I was invited to do several presentations to QS audiences over the next year. The most memorable was an April 2014 presentation at the Quantified Self Public Health Symposium. The audience included the CTO of the U.S. Department of Health & Human Services and other leaders in the health care sector.
Feedback
This project was featured in Manuel Lima’s Book of Circles, an exploration of circular data visualizations, and in a Popular Science magazine segment on data visualization.
Final Thoughts
Groups like Quantified Self are early adopters. Their projects are sometimes met with skepticism. Yet the people who have thought about and run personal experiments are tackling problems that are real to them, often with new technology that the average primary care physician has no time (or interest) to evaluate. I’m intrigued by efforts by some hospital systems to now leverage these n=1 studies and see which ones could have broader applicability to other patients. This is how progress is made, small experiments and iteration.
It was valuable for me to explore self-tracking for a year while in grad school and strategizing Databetes business ideas. Framing this as a personal project gave me the freedom to create something unique without having to worry about whether the solution was applicable to a wider audience of diabetes patients.
Work in healthcare often comes with a set of assumptions of how systems must work, including the roles of healthcare providers and patients.

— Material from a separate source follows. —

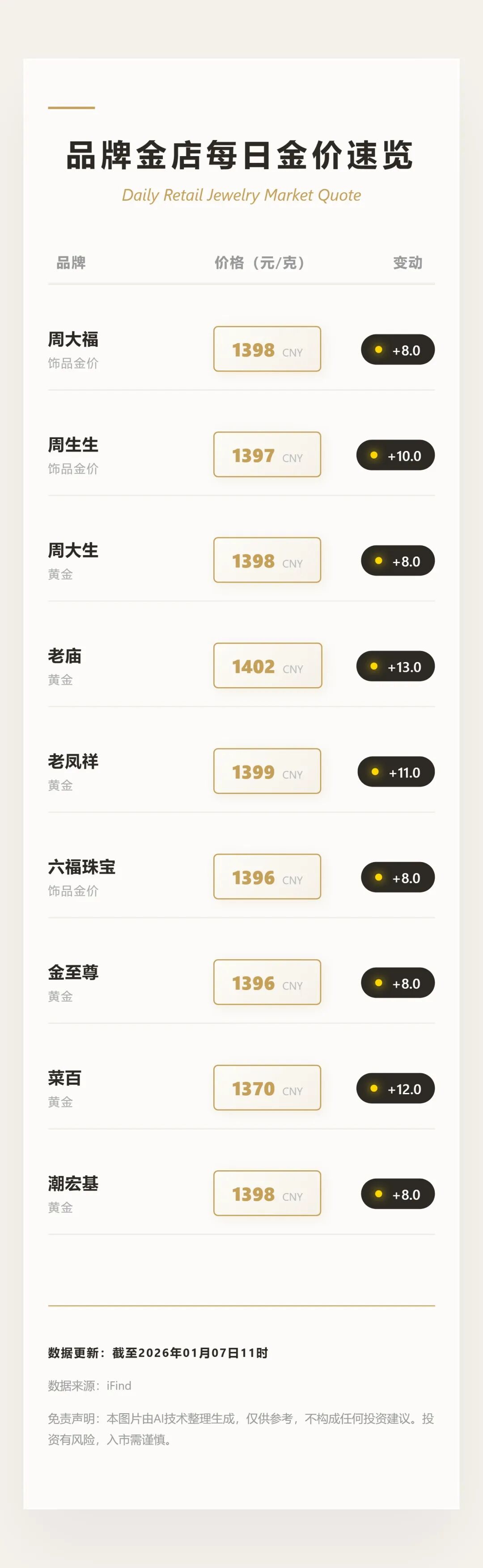 据同花顺(300033)iFinD数据,今日(1月7日)国内黄金饰品价格对比显示,黄金珠宝品牌公布的境内足金首饰价格较昨日集体上涨,最高报1402元/克。

This was a purely patient-centric approach, finding ways to evolve how information is communicated. It’s a challenge for segments of the patient population to make sense of their data, spot trends, and generate a plan of action in response.
If we are looking for technology to supplement the doctor in between clinic visits, we need to get better at storytelling. Healthcare can learn from other industries about how best to do that. We’ll need to deliver compelling, engaging visuals that can be auto-generated and support a range of inputs and edge cases. To gain wider adoption, they’ll need to be adequately personalized per patient and delivered in the right tone. Diabetes is an emotional condition. The role of the healthcare provider as someone who listens and responds appropriately is not easily mimicked by technology. To scale projects like this and gain widespread adoption, the biggest challenge will not be what to say but how to say it. A design that is conversational, that walks a patient through the data, from overview to details to action plan, step by step, would be a great approach to explore next.